Problem = The records below need to be repeated exactly, with every picture left out.

Exercise data =
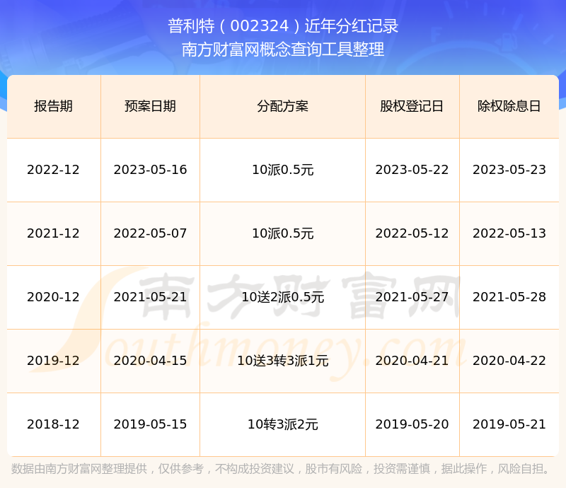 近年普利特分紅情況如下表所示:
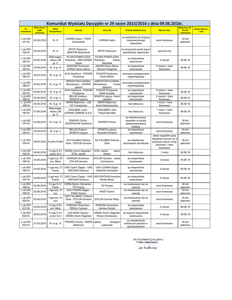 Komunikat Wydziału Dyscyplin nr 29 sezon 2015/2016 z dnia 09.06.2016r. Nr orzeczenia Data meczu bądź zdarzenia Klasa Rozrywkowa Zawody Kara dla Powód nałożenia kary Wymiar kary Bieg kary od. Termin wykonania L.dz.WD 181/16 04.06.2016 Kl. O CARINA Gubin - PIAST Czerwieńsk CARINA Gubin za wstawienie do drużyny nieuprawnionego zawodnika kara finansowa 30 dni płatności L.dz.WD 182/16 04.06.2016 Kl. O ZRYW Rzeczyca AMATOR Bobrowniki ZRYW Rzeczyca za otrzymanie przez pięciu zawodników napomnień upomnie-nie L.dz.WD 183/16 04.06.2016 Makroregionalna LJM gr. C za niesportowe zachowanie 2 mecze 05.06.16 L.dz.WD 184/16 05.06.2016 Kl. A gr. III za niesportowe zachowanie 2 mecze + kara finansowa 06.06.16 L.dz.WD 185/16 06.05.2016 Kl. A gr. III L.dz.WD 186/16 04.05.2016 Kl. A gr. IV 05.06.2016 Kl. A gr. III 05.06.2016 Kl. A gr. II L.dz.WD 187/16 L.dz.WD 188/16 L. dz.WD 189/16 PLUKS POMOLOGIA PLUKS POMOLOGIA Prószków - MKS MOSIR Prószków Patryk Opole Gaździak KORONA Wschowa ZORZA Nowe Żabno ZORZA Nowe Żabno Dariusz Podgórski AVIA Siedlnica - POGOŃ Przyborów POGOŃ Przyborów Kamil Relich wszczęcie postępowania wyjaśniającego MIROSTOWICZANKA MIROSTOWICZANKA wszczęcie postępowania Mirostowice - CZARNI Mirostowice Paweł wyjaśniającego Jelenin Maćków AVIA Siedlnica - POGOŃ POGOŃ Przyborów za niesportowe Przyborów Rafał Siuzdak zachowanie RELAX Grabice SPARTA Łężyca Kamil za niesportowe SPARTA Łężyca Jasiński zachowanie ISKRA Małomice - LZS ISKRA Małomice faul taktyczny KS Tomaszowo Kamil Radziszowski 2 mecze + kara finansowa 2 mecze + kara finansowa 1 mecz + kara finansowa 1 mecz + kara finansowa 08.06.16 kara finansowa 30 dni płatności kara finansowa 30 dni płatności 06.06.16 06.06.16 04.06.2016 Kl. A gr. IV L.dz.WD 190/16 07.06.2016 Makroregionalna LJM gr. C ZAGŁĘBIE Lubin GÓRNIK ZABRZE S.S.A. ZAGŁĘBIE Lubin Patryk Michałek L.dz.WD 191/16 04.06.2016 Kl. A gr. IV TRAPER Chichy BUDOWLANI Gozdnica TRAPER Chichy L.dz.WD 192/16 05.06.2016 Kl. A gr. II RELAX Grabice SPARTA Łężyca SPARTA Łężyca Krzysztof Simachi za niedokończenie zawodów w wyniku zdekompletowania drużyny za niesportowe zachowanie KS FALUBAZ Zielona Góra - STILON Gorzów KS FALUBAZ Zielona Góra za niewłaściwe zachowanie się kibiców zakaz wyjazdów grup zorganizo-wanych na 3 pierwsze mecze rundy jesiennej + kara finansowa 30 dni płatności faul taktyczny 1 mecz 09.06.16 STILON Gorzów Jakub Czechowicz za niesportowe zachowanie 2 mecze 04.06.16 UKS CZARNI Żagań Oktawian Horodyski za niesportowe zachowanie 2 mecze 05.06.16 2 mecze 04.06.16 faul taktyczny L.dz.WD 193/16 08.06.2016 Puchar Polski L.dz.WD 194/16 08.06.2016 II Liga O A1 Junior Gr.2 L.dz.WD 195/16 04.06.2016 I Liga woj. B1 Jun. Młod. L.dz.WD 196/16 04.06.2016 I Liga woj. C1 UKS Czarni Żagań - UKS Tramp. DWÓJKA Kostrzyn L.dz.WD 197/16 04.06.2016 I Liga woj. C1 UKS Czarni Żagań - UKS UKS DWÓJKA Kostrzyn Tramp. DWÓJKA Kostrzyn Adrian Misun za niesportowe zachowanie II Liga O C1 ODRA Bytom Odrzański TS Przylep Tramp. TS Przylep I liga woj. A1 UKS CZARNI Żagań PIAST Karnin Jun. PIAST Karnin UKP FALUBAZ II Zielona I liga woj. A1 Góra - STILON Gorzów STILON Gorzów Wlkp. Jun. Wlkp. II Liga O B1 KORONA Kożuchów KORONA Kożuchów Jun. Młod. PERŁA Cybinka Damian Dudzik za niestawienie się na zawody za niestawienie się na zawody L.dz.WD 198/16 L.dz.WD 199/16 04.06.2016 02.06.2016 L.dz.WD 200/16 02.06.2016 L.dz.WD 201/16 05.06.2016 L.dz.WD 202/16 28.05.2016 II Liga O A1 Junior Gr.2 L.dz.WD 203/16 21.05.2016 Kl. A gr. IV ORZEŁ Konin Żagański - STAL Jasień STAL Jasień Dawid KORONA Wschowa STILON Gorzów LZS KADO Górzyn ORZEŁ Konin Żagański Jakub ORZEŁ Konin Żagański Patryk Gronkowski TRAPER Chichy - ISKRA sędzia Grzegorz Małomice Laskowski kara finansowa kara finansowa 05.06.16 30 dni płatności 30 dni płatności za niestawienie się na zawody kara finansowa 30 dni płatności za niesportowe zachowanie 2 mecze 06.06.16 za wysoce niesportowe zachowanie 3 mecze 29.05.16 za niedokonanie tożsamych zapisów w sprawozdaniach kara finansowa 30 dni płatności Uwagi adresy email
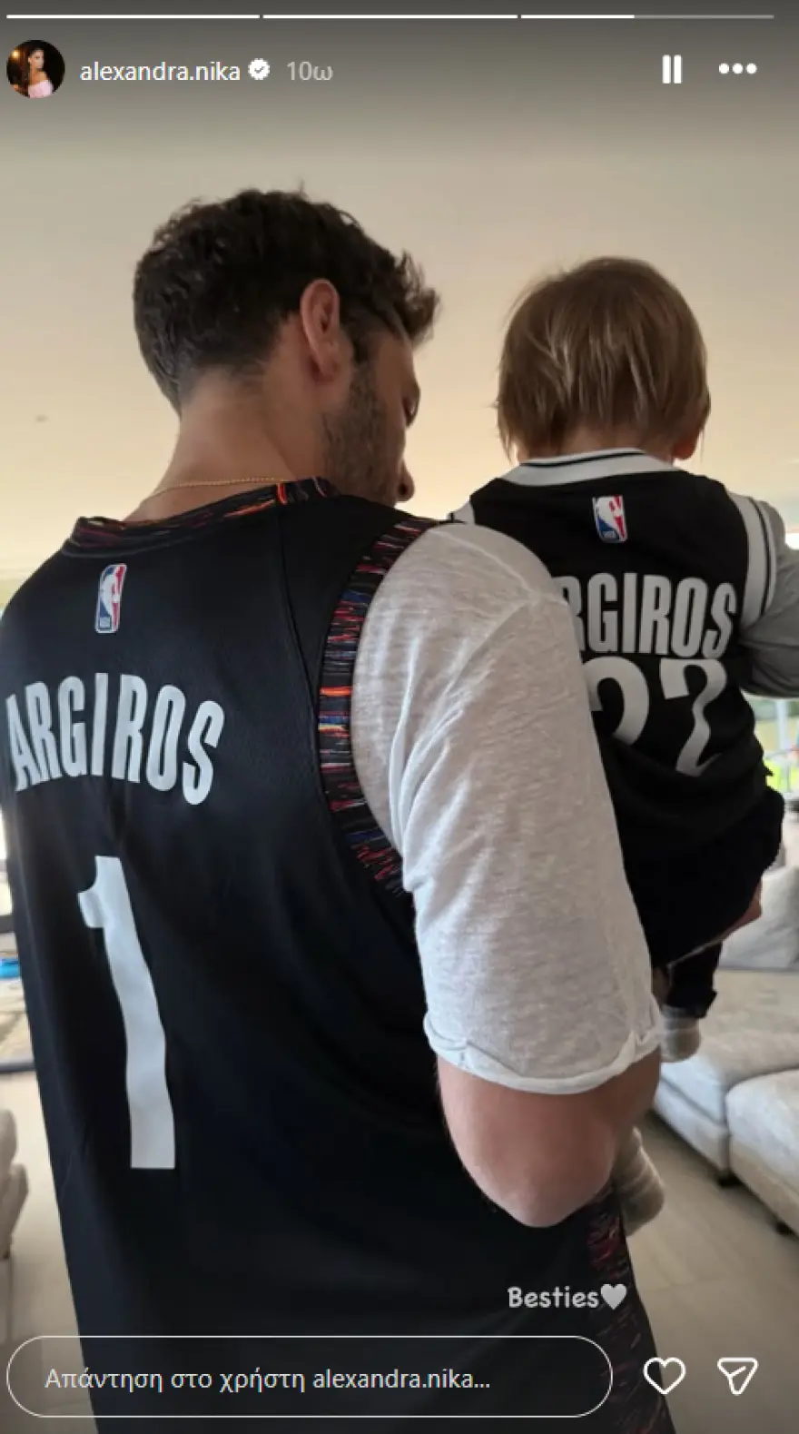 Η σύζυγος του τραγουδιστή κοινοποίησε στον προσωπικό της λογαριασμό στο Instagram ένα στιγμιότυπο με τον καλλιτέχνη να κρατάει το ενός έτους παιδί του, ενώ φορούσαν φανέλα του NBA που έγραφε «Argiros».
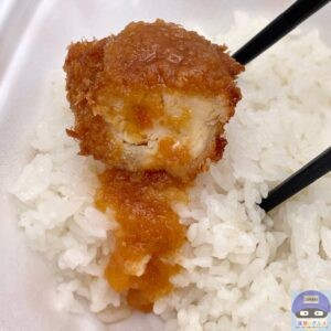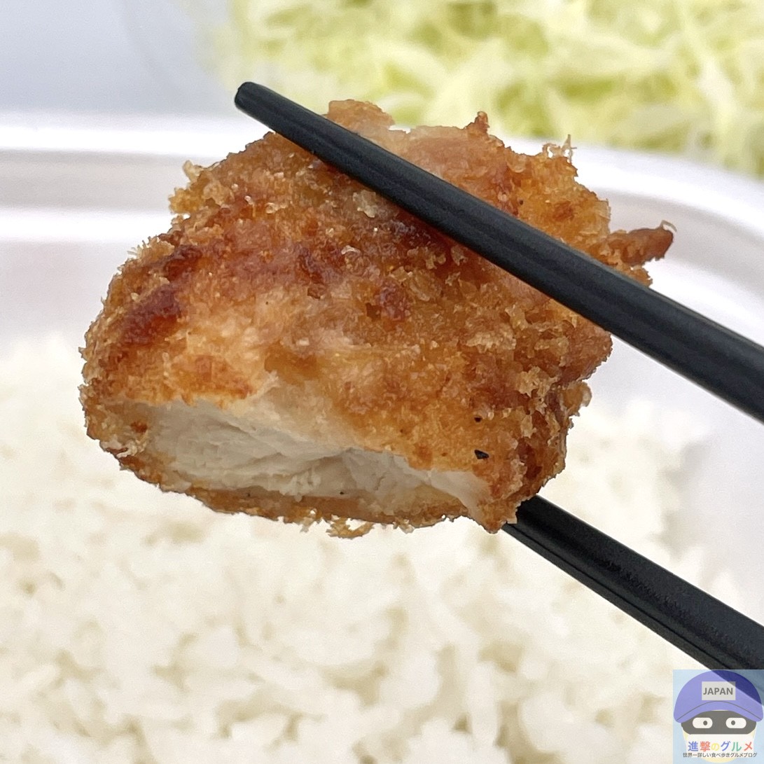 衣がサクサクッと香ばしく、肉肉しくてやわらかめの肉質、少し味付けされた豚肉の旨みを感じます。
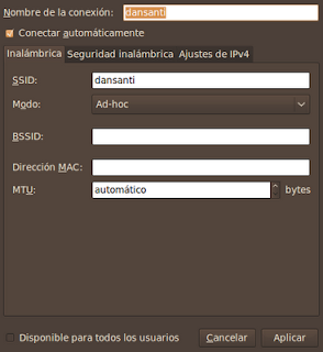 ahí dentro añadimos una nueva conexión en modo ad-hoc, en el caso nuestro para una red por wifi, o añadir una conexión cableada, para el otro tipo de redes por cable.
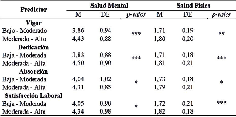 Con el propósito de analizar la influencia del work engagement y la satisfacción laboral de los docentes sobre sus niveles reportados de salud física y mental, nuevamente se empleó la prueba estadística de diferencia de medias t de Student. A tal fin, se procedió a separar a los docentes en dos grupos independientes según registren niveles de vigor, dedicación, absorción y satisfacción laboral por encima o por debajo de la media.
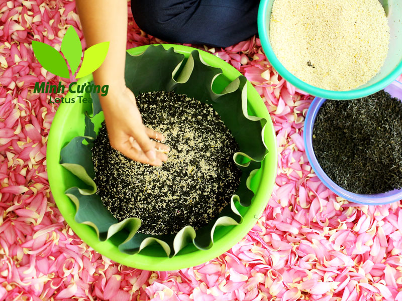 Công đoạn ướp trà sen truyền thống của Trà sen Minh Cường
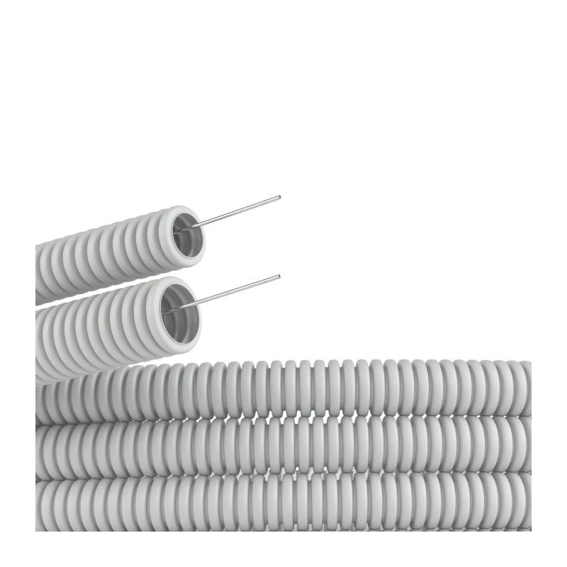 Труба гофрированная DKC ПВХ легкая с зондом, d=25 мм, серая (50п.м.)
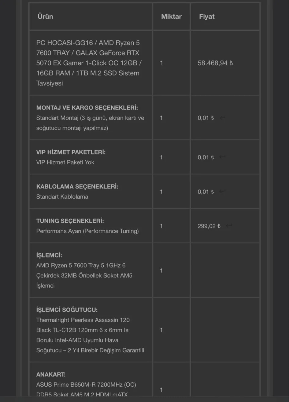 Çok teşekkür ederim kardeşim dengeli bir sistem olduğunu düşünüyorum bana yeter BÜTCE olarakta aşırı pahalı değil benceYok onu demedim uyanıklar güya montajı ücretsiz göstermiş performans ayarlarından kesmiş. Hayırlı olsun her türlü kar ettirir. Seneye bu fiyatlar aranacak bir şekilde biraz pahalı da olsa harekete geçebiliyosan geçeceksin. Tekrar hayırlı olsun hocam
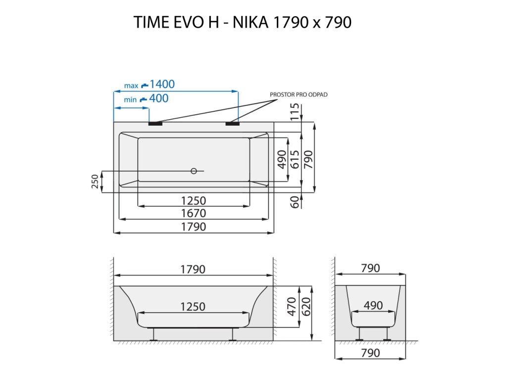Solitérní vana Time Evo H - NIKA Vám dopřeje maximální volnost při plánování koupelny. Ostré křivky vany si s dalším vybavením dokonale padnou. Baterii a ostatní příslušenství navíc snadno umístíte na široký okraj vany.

Response to this exercise =
 近年普利特分紅情況如下表所示:
 Komunikat Wydziału Dyscyplin nr 29 sezon 2015/2016 z dnia 09.06.2016r. Nr orzeczenia Data meczu bądź zdarzenia Klasa Rozrywkowa Zawody Kara dla Powód nałożenia kary Wymiar kary Bieg kary od. Termin wykonania L.dz.WD 181/16 04.06.2016 Kl. O CARINA Gubin - PIAST Czerwieńsk CARINA Gubin za wstawienie do drużyny nieuprawnionego zawodnika kara finansowa 30 dni płatności L.dz.WD 182/16 04.06.2016 Kl. O ZRYW Rzeczyca AMATOR Bobrowniki ZRYW Rzeczyca za otrzymanie przez pięciu zawodników napomnień upomnie-nie L.dz.WD 183/16 04.06.2016 Makroregionalna LJM gr. C za niesportowe zachowanie 2 mecze 05.06.16 L.dz.WD 184/16 05.06.2016 Kl. A gr. III za niesportowe zachowanie 2 mecze + kara finansowa 06.06.16 L.dz.WD 185/16 06.05.2016 Kl. A gr. III L.dz.WD 186/16 04.05.2016 Kl. A gr. IV 05.06.2016 Kl. A gr. III 05.06.2016 Kl. A gr. II L.dz.WD 187/16 L.dz.WD 188/16 L. dz.WD 189/16 PLUKS POMOLOGIA PLUKS POMOLOGIA Prószków - MKS MOSIR Prószków Patryk Opole Gaździak KORONA Wschowa ZORZA Nowe Żabno ZORZA Nowe Żabno Dariusz Podgórski AVIA Siedlnica - POGOŃ Przyborów POGOŃ Przyborów Kamil Relich wszczęcie postępowania wyjaśniającego MIROSTOWICZANKA MIROSTOWICZANKA wszczęcie postępowania Mirostowice - CZARNI Mirostowice Paweł wyjaśniającego Jelenin Maćków AVIA Siedlnica - POGOŃ POGOŃ Przyborów za niesportowe Przyborów Rafał Siuzdak zachowanie RELAX Grabice SPARTA Łężyca Kamil za niesportowe SPARTA Łężyca Jasiński zachowanie ISKRA Małomice - LZS ISKRA Małomice faul taktyczny KS Tomaszowo Kamil Radziszowski 2 mecze + kara finansowa 2 mecze + kara finansowa 1 mecz + kara finansowa 1 mecz + kara finansowa 08.06.16 kara finansowa 30 dni płatności kara finansowa 30 dni płatności 06.06.16 06.06.16 04.06.2016 Kl. A gr. IV L.dz.WD 190/16 07.06.2016 Makroregionalna LJM gr. C ZAGŁĘBIE Lubin GÓRNIK ZABRZE S.S.A. ZAGŁĘBIE Lubin Patryk Michałek L.dz.WD 191/16 04.06.2016 Kl. A gr. IV TRAPER Chichy BUDOWLANI Gozdnica TRAPER Chichy L.dz.WD 192/16 05.06.2016 Kl. A gr. II RELAX Grabice SPARTA Łężyca SPARTA Łężyca Krzysztof Simachi za niedokończenie zawodów w wyniku zdekompletowania drużyny za niesportowe zachowanie KS FALUBAZ Zielona Góra - STILON Gorzów KS FALUBAZ Zielona Góra za niewłaściwe zachowanie się kibiców zakaz wyjazdów grup zorganizo-wanych na 3 pierwsze mecze rundy jesiennej + kara finansowa 30 dni płatności faul taktyczny 1 mecz 09.06.16 STILON Gorzów Jakub Czechowicz za niesportowe zachowanie 2 mecze 04.06.16 UKS CZARNI Żagań Oktawian Horodyski za niesportowe zachowanie 2 mecze 05.06.16 2 mecze 04.06.16 faul taktyczny L.dz.WD 193/16 08.06.2016 Puchar Polski L.dz.WD 194/16 08.06.2016 II Liga O A1 Junior Gr.2 L.dz.WD 195/16 04.06.2016 I Liga woj. B1 Jun. Młod. L.dz.WD 196/16 04.06.2016 I Liga woj. C1 UKS Czarni Żagań - UKS Tramp. DWÓJKA Kostrzyn L.dz.WD 197/16 04.06.2016 I Liga woj. C1 UKS Czarni Żagań - UKS UKS DWÓJKA Kostrzyn Tramp. DWÓJKA Kostrzyn Adrian Misun za niesportowe zachowanie II Liga O C1 ODRA Bytom Odrzański TS Przylep Tramp. TS Przylep I liga woj. A1 UKS CZARNI Żagań PIAST Karnin Jun. PIAST Karnin UKP FALUBAZ II Zielona I liga woj. A1 Góra - STILON Gorzów STILON Gorzów Wlkp. Jun. Wlkp. II Liga O B1 KORONA Kożuchów KORONA Kożuchów Jun. Młod. PERŁA Cybinka Damian Dudzik za niestawienie się na zawody za niestawienie się na zawody L.dz.WD 198/16 L.dz.WD 199/16 04.06.2016 02.06.2016 L.dz.WD 200/16 02.06.2016 L.dz.WD 201/16 05.06.2016 L.dz.WD 202/16 28.05.2016 II Liga O A1 Junior Gr.2 L.dz.WD 203/16 21.05.2016 Kl. A gr. IV ORZEŁ Konin Żagański - STAL Jasień STAL Jasień Dawid KORONA Wschowa STILON Gorzów LZS KADO Górzyn ORZEŁ Konin Żagański Jakub ORZEŁ Konin Żagański Patryk Gronkowski TRAPER Chichy - ISKRA sędzia Grzegorz Małomice Laskowski kara finansowa kara finansowa 05.06.16 30 dni płatności 30 dni płatności za niestawienie się na zawody kara finansowa 30 dni płatności za niesportowe zachowanie 2 mecze 06.06.16 za wysoce niesportowe zachowanie 3 mecze 29.05.16 za niedokonanie tożsamych zapisów w sprawozdaniach kara finansowa 30 dni płatności Uwagi adresy email
 Η σύζυγος του τραγουδιστή κοινοποίησε στον προσωπικό της λογαριασμό στο Instagram ένα στιγμιότυπο με τον καλλιτέχνη να κρατάει το ενός έτους παιδί του, ενώ φορούσαν φανέλα του NBA που έγραφε «Argiros».
 衣がサクサクッと香ばしく、肉肉しくてやわらかめの肉質、少し味付けされた豚肉の旨みを感じます。
 ahí dentro añadimos una nueva conexión en modo ad-hoc, en el caso nuestro para una red por wifi, o añadir una conexión cableada, para el otro tipo de redes por cable.
 Con el propósito de analizar la influencia del work engagement y la satisfacción laboral de los docentes sobre sus niveles reportados de salud física y mental, nuevamente se empleó la prueba estadística de diferencia de medias t de Student. A tal fin, se procedió a separar a los docentes en dos grupos independientes según registren niveles de vigor, dedicación, absorción y satisfacción laboral por encima o por debajo de la media.
 Công đoạn ướp trà sen truyền thống của Trà sen Minh Cường
 Труба гофрированная DKC ПВХ легкая с зондом, d=25 мм, серая (50п.м.)
 Çok teşekkür ederim kardeşim dengeli bir sistem olduğunu düşünüyorum bana yeter BÜTCE olarakta aşırı pahalı değil benceYok onu demedim uyanıklar güya montajı ücretsiz göstermiş performans ayarlarından kesmiş. Hayırlı olsun her türlü kar ettirir. Seneye bu fiyatlar aranacak bir şekilde biraz pahalı da olsa harekete geçebiliyosan geçeceksin. Tekrar hayırlı olsun hocam
Solitérní vana Time Evo H - NIKA Vám dopřeje maximální volnost při plánování koupelny. Ostré křivky vany si s dalším vybavením dokonale padnou. Baterii a ostatní příslušenství navíc snadno umístíte na široký okraj vany.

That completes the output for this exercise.